Quantum geometry in condensed matter

Describing natural phenomena with geometric language is one of the most important achievements of modern physics. In the context of general relativity, Einstein treats spacetime as a dynamic geometric structure in which the distribution of matter determines the curvature of spacetime, and the geometry of spacetime in turn determines the motion of matter, thus revealing the deep connection between spacetime geometry and the motion of celestial bodies. Geometric theories have not only been verified on the macroscopic cosmic scale, but also provide profound insights and accurate predictions on the microscopic particle scale. In the context of condensed matter physics, the quantum geometry of the electron wave functions controls the motion of electrons and thus affects the fundamental physical properties of matter. Quantum geometry has become an important theoretical tool in modern condensed matter physics. It plays a key role in revealing novel transport phenomena, resolving the microscopic mechanism of superconductivity, and searching for novel topological states, and has a profound impact on the development of condensed matter physics.

National Science Review recently published online a review article "Quantum Geometry in Condensed Matter" co-authored by a team led by chair professor Hai-Zhou Lu of Southern University of Science and Technology and academician X. C. Xie of Peking University.

It is pointed out in the review that the quantum geometry of the electron wave functions in condensed matter is characterized by a tensor. The real part of this quantum geometry tensor is the symmetric Fubini-Study metric (also known as the quantum metric), which describes the amplitude distance between two quantum states. The imaginary part is the antisymmetric Berry curvature tensor (up to a coefficient of -1/2), which describes the phase distance between two quantum states. This quantum geometry tensor plays a key role in understanding the electromagnetic field dependence of nonlinear transport, the superconducting transition temperature of flat-band superconductors, and the stability of fractional Chern insulators.

Quantum geometry leads to both longitudinal and transverse nonlinear transport. According to electromagnetic field dependence, the transverse transport can be further divided into the electric nonlinear Hall effect and the magnetic nonlinear Hall effect. The former arises from either the Berry curvature dipole or the quantum metric dipole, depending on the symmetry, while the latter results from the anomalous orbital polarizability, a quantum geometric quantity derived from Berry curvature (Fig. 1).

Quantum geometry enables in the flat-band superconductors a superconducting transition temperature much higher than the BCS expectation.

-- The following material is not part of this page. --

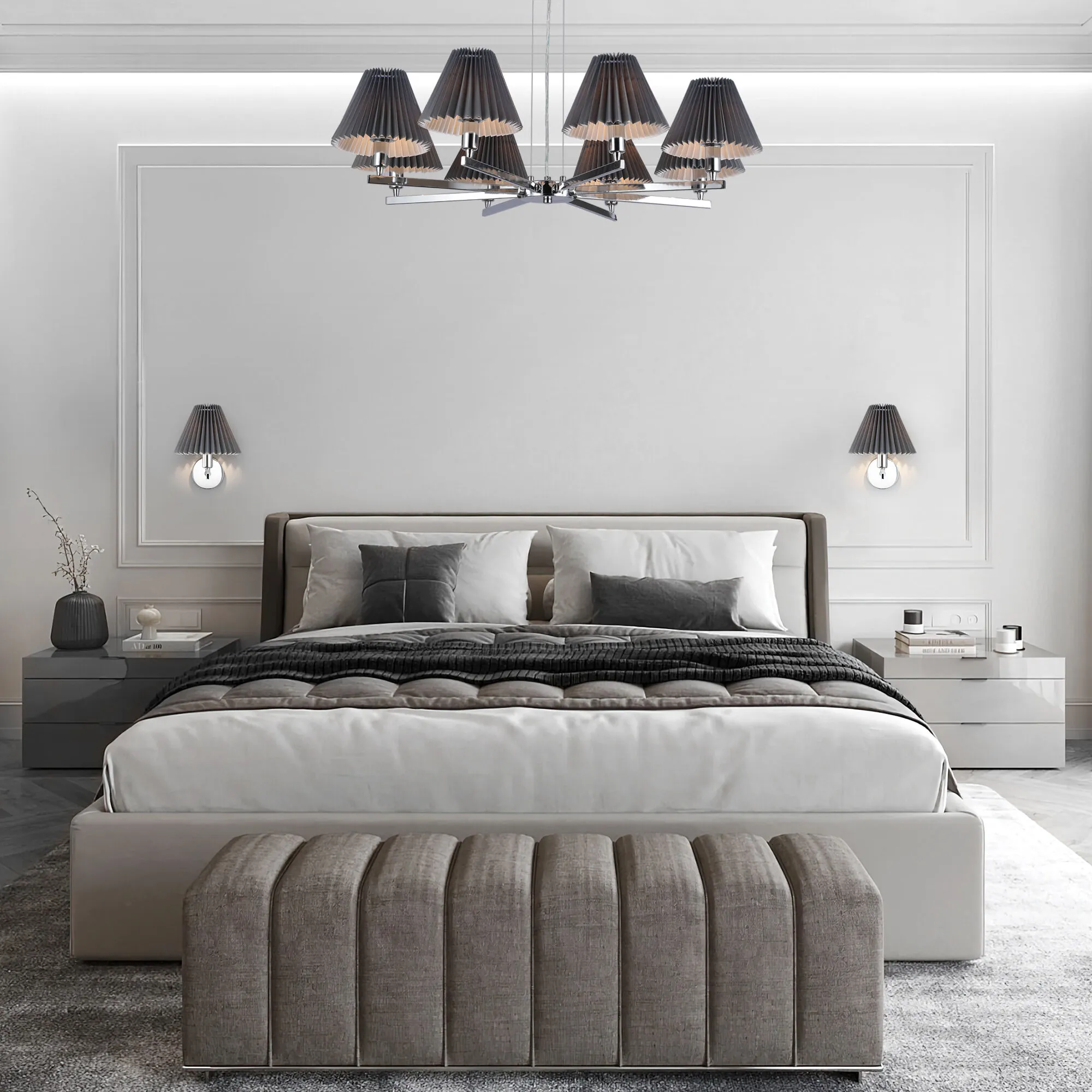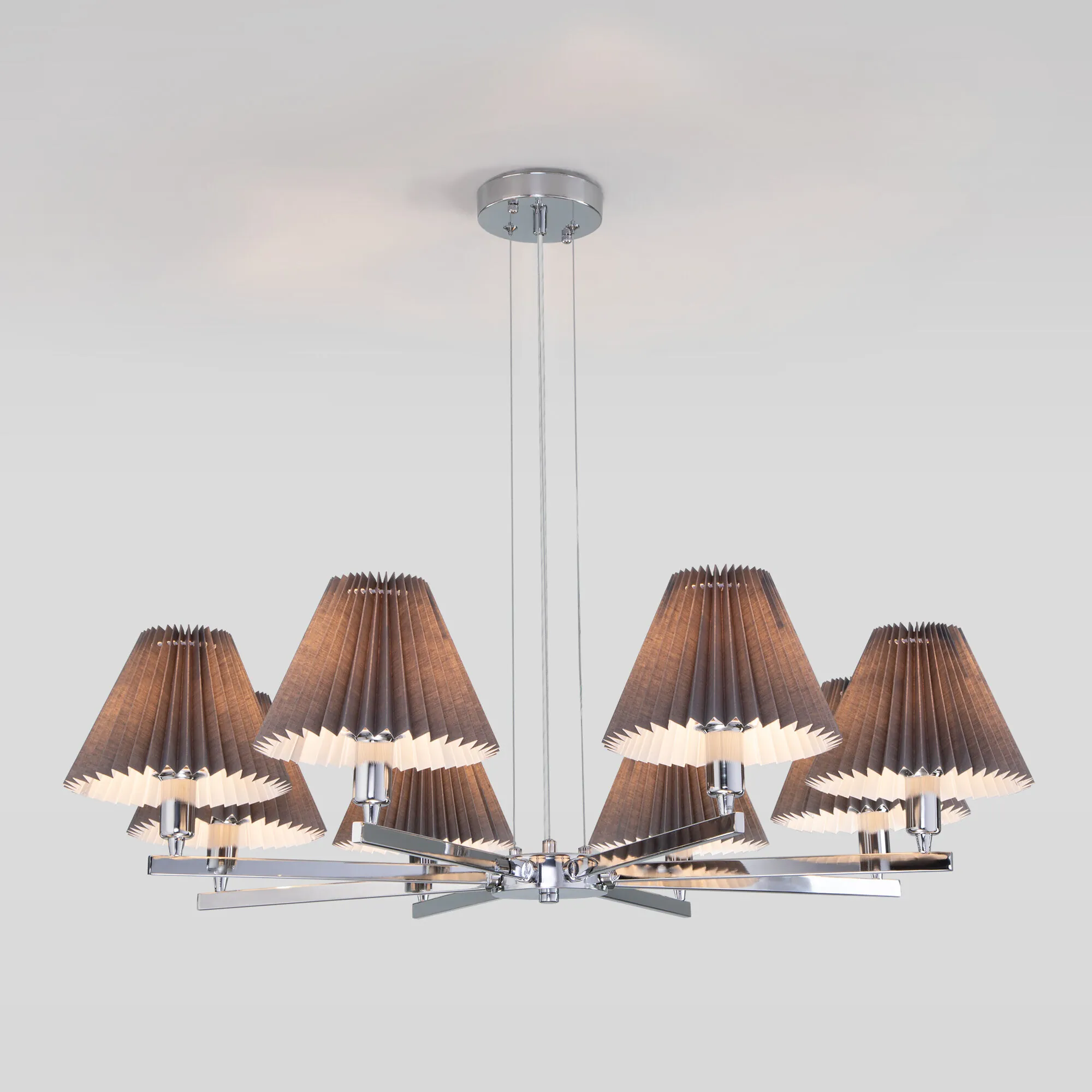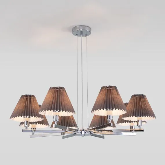Артикул: 60136/8; Бренд: Eurosvet; Серия: Peony; Стиль: Classic; товарная группа: Подвесной светильник; Тип светильника: сменная лампа; Тип светильника по помещению: гостиная;гостиница;кабинет;спальня; Срок службы, г: 6; Тип крепления: планка; Степень защиты: IP20; Питание: 230 В, 50 Гц; Площадь освещения, м2: 14; Класс электро-безопасности: I; Температурный режим: -10 ... +40; Коэффициент пульсации, %: < 5; Тип ламп: металл; Тип цоколя: E14; Материал: металл;ткань; Материал плафона: ткань; Цвет: хром;серый; Цвет каркаса: хром, Хром; Цвет плафона: серый, Серый; Умный дом: совместим с умным реле; Гарантия, мес: 12; Длина, мм: 850; Ширина, мм: 850; высота: 520; Min высота, мм: 205; max высота: 520; Диаметр потолочной чаши, мм: 100; Высота встраиваемой части, мм: 40; Вес упаковки, кг: 3.283; Длина упаковки, см: 40.4; Ширина упаковки, см: 22.6; Высота упаковки, см: 24.5; Объем упаковки, м3: 0.02236948; Штрихкод: 4690389184956

Although the electrons in flat bands are quite inert (the effective mass tends to infinity), the Cooper pairs formed from such electrons can remarkably have a finite effective mass because of the inter-band quantum metric effect. The resulting geometric supercurrent greatly exceeds the BCS expectation, revealing the reason for the enhancement of the superconducting transition temperature (Fig. 2).

Quantum geometry plays a key role in the stabilization of fractional Chern insulating states. The topological Bloch bands with strong correlation highly mimic the flat Landau levels in the fractional quantum Hall effect, giving rise to fractionally quantized Chen insulating states. The homogeneity of quantum geometry distribution in the Brillouin zone stabilizes the fractional Chern insulating states by isolating them from other strongly correlated states such as the charge density wave (Fig. 3).

In summary, it is emphasized in the review that the interplay between quantum geometry and disorder in nonlinear transport, the relation between quantum geometry and pairing symmetry in flat-band superconductors, and the influence of quantum geometry on other strongly correlated phases in fractional Chern insulators are important outstanding problems in the field of quantum geometry and had better be urgently settled.